Gualtiero e Imogene si incontrano su una loggia del castello. Fedele al proprio ruolo di sposa e di
madre, Imogene rifiuta di fuggire con l'innamorato, ma proprio nel dirsi addio gli amanti sono sorpresi
da Ernesto, che trasforma il loro duetto in un trio.
I rivali si allontanano per affrontarsi in un duello all'ultimo sangue, e Ernesto soccombe. Al suono di
una marcia della morte, i soldati piangono la morte di Ernesto; Gualtiero, in un gesto di lealtà
suprema, si consegna ai cavalieri di Caldora e in Tu vedrai la sventurata esprime la speranza di
perdono da parte di Imogene: il Gran Consiglio lo condanna a morte. Un cantabile per corno inglese
e arpa introduce l'ingresso di Imogene con il figlio, impazzita dal dolore: il suo sogno premonitore si
è avverato ma a parti invertite. Con l’aria Col sorriso d'innocenza, lei immagina che il bambino possa
conquistarle il perdono di Ernesto; sentendo la condanna a morte pronunciata su Gualtiero,
impazzisce completamente e canta la drammatica cabaletta O sole ti vela prima di essere portata via.
Alla prima dell'opera, essa finiva in modo diverso. Sulla rupe sulla quale Gualtiero stava per essere
giustiziato, giungono Itulbo e i pirati per liberarlo, e Imogene per vedere cosa sta succedendo.
Gualtiero, allora, ordina a tutti di fermarsi (Un'aborrita luce io fuggo!) e si getta dalla rupe, con lo
sconcerto di tutti. Bellini, dopo la prima, revisionò l'opera, togliendo la scena, di cui rimangono
ancora però lo spartito e le parole. Addirittura si arrivava a volte ad invertire le scene tra soprano e
tenore: la scena della pazzia, in alcune rappresentazioni, precedeva la cavatina di Gualtiero Tu vedrai
la sventurata.

Il pirata ha svolto un ruolo significativo nello stabilire lo stile del melodramma romantico sviluppato
successivamente da Donizetti e Verdi. L'eroe tormentato e impulsivo dell'opera romantica italiana è
presentato per la prima volta nella cavatina di apertura di Gualtiero. Bellini ha sfruttato il talento di
Rubini per i salti d’espressione appassionata, evitando qualsiasi interruzione nella linea melodica a
causa degli abbellimenti fino alla fine delle lunghe frasi. Tuttavia, Bellini mantenne la tessitura acuta
del tenore rossiniano, ascendendo al mi nella cavatina di apertura (per Rubini scrisse gran parte della
parte di Gualtiero un tono più alto di quanto appaia nelle partiture a stampa).

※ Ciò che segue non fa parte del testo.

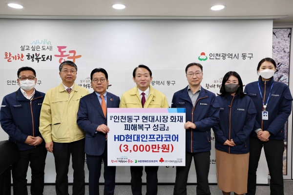 HD현대인프라코어, 두산밥캣, 현대제철은 지난 30일 동구를 방문, 현대시장 화재 피해 복구를 위한 성금 1억원을 전달했다.

Lo stile di Bellini non era ancora maturo e nella partitura sono presenti alcune sezioni più
conservative, come il Larghetto del duetto per Imogene ed Ernesto nel 2° atto, dove le voci sono a
distanza di terza e drammaticamente indifferenziate, in cui sopravvivere ancora il Canto fiorito
rossiniano. Alcune caratteristiche, come il ritornello dell'eco e il complesso contrappunto vocale nel
finale del 1° Atto, erano esperimenti che Bellini non ripeté più. Più significativi per il suo sviluppo
sono gli ariosi, come Se un giorno fia che ti tragga prima del duetto fra Imogene e Gualtiero nel 1°
Atto.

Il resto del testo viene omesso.